A governadora Kathy Hochul anunciou revisões nas metas de emissões de gases de efeito estufa do estado que irão adiar o prazo de 2030. Os organizadores acreditam que os moradores já estão sofrendo.
Como parte das negociações orçamentais em curso, a governadora de Nova Iorque, Kathy Hochul, está a pressionar para adiar as metas de redução de emissões estabelecidas na lei climática do estado.
Ao longo do ano passado, Hochul deu a entender que não acha que o estado possa atingir as metas estabelecidas na Lei do Clima de 2019: uma redução de 40 por cento nas emissões de gases com efeito de estufa em relação aos níveis de 1990 até 2030, e uma redução de 85 por cento até 2050.
Se Hochul conseguir o que quer, a linha do tempo mudará.
Durante uma conferência de imprensa este mês, Hochul disse que o estado irá rever as suas metas de emissões através do processo orçamental do estado, visando uma redução de 60 por cento até 2040, mantendo intacta a meta para 2050. Ela disse que a política económica necessária para atingir essas metas não seria anunciada até 2028.
“Não podemos cumprir os prazos atuais sem aumentar os custos de energia”, disse Hochul na conferência de imprensa.
Em todo o estado, as comunidades de justiça ambiental, e os legisladores que as representam, argumentam que os atrasos podem expor mais residentes a condições de vida prolongadas e insalubres, incluindo viver perto de centrais eléctricas alimentadas a gás ou de auto-estradas que produzem poluição rodoviária significativa.
“A Lei do Clima foi fundamental para reduzir a carga desproporcional de poluição nas comunidades negras de baixa renda”, disse Eunice Ko, vice-diretora da Aliança para Justiça Ambiental da Cidade de Nova York.
Um problema de emissões
A governadora tem uma influência descomunal sobre o orçamento do estado, o que torna mais fácil para ela ditar mudanças políticas. Mas incluí-los no orçamento significa que acontecem “sem total transparência”, disse Ko.
“O que a impede de fazer isso de novo com qualquer outra lei da qual ela não goste?” Ko disse.
No início deste mês, Hochul anunciou prematuramente um acordo com a legislatura estadual; as negociações estão em andamento.
De acordo com o último relatório do estado, as emissões em todo o estado em 2023 estavam cerca de 15% abaixo dos níveis de 1990 – longe da meta para 2030.

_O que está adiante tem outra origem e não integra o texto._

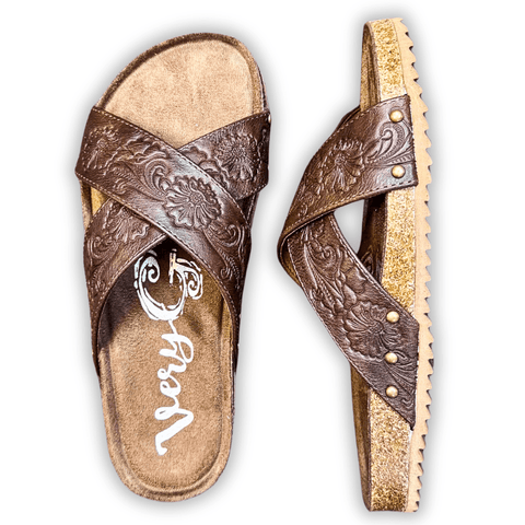Introducing the Jaycee Sandals by Very G, where classic Western charm meets modern comfort in every step. These slip-on sandals redefine casual elegance with their timeless design and luxurious embossed leather top, making them an essential addition to any wardrobe. Designed for those who appreciate both style and function, the Jaycee Sandals effortlessly blend intricate craftsmanship with everyday practicality.

Em 2022, o Conselho de Acção Climática do estado, um grupo de cientistas, representantes de serviços públicos, decisores políticos e líderes de agências estatais, lançou o Plano de Definição do Âmbito Climático. Ele estabeleceu um roteiro para cumprir as metas climáticas do estado.
As maiores fontes de emissões de gases de efeito estufa em Nova York são edifícios, geração de eletricidade e transporte, segundo dados estaduais. Sob a liderança de Hochul, várias políticas destinadas a reduzir as emissões nesses sectores foram adiadas e os grupos industriais estão a pressionar por mais.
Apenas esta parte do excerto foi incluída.